Oleh: Hj. Padliyati Siregar, ST
Pemerintah memutuskan untuk tidak memberangkatkan jemaat haji. Keputusan ini disampaikan melalui Keputusan Menteri Agama RI Nomor 494 tahun 2020 tentang Pembatalan Keberangkatan Jemaat Haji Pada Penyelenggaraan Ibadah Haji pada 1441 Hijriah atau 2020 Masehi. Melalui Menteri Agama Fachrul Razi dalam konferensi pers pada Selasa (2/6/2020). Fachrul menegaskan keputusan ini berlaku untuk seluruh Warga Negara Indonesia (WNI) termasuk WNI yang hendak berhaji dengan undangan atau visa khusus dari Kerajaan Arab Saudi.
Pemerintah memutuskan tidak memberangkatkan jemaah haji 2020 ke Arab Saudi di tengah Pandemi Virus Corona (Covid-19).
Sejumlah pihak turut mempertanyakan pembatalan pemberangkatan haji 2020 oleh Kementerian Agama (Kemenag). Padahal, Pemerintah Arab Saudi belum memutuskan haji 2020 batal atau tidak.
Terlihat ada kesan mendadak membatalkan haji tanpa menunggu keputusan Saudi Arabia. Saudi Arabia belum memutuskan haji terselenggara atau tidak terselenggara. Alasan yang dikemukankan oleh penyelenggaraan haji di tengah pandemi ini akan menjadi sulit. Selain itu, biaya yang dikeluarkan juga bisa menjadi membengkak karena perlu ada physical distancing antarjemaah.

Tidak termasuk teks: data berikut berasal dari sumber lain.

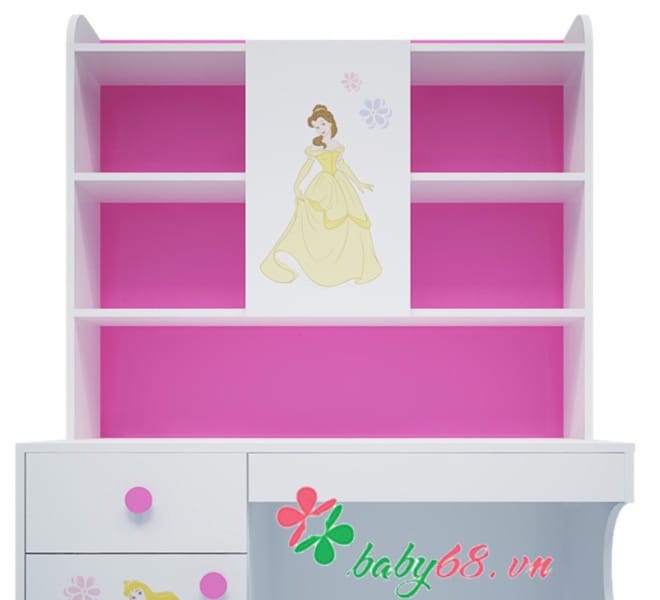 Bàn được chia thành nhiều tầng kệ và 2 ngăn tủ để bé sắp xếp sách vở, vật dụng của mình một cách khoa học, hợp lý. Bên cạnh bức tranh nàng công chúa duyên dáng, bé cũng có thể bài trí những món đồ trang trí xinh đẹp để góc học tập thêm sinh động và tươi mới, từ đó bé sẽ cảm thấy hứng thú hơn khi học.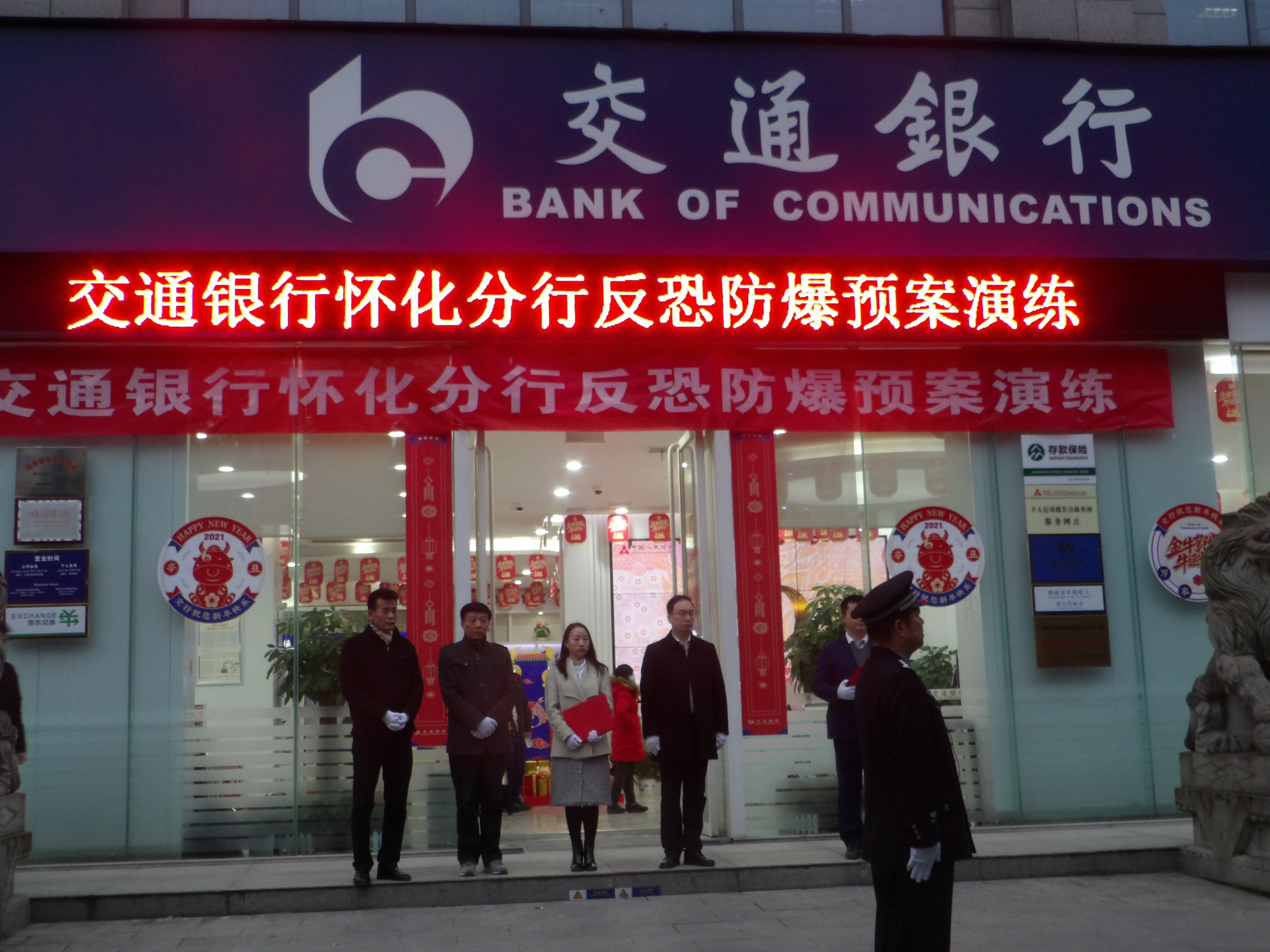 2021年1月7日下午6:00,交通銀行懷化分行在分行營業(yè)部舉辦2020年反恐防爆應(yīng)急預(yù)案演練。

Persiapan dalam pelaksanaan haji normal kemudian dalam suasana Covid ini berbeda persiapannya. Misalnya di pesawat, physical distancing itu biaya yang dikeluarkan pasti berbeda jauh karena penumpang yang 150 cuma bisa 100.
Selain itu, tentang belum adanya kejelasan pelaksanaan haji oleh Pemerintah Arab Saudi. Padahal, penyiapan katering, pemondokan, dan transportasi di Arab Saudi untuk jemaah itu perlu proses.
Sejumlah pihak mempertanyakan sepertinya pemerintah tidak mau repot dengan konsekuensi menyelenggarakan/melayani jamaah di era pandemik dengan protokol yang lebih berat atau justru ingin mengambil untung dari dana masyarkat yang tertahan karena tidak jadi diberangkatkan?
Tentu saja dengan alasan dan ketidaksiapan pemerintah akan berdampak besar baik bagi tertunda berangkatnya jamaah yang daftar tunggu yang semakin panjang. Juga bisa mempengaruhi sanksi dan kuota yang akan diberikan Arab Saudi di waktu yang akan datang.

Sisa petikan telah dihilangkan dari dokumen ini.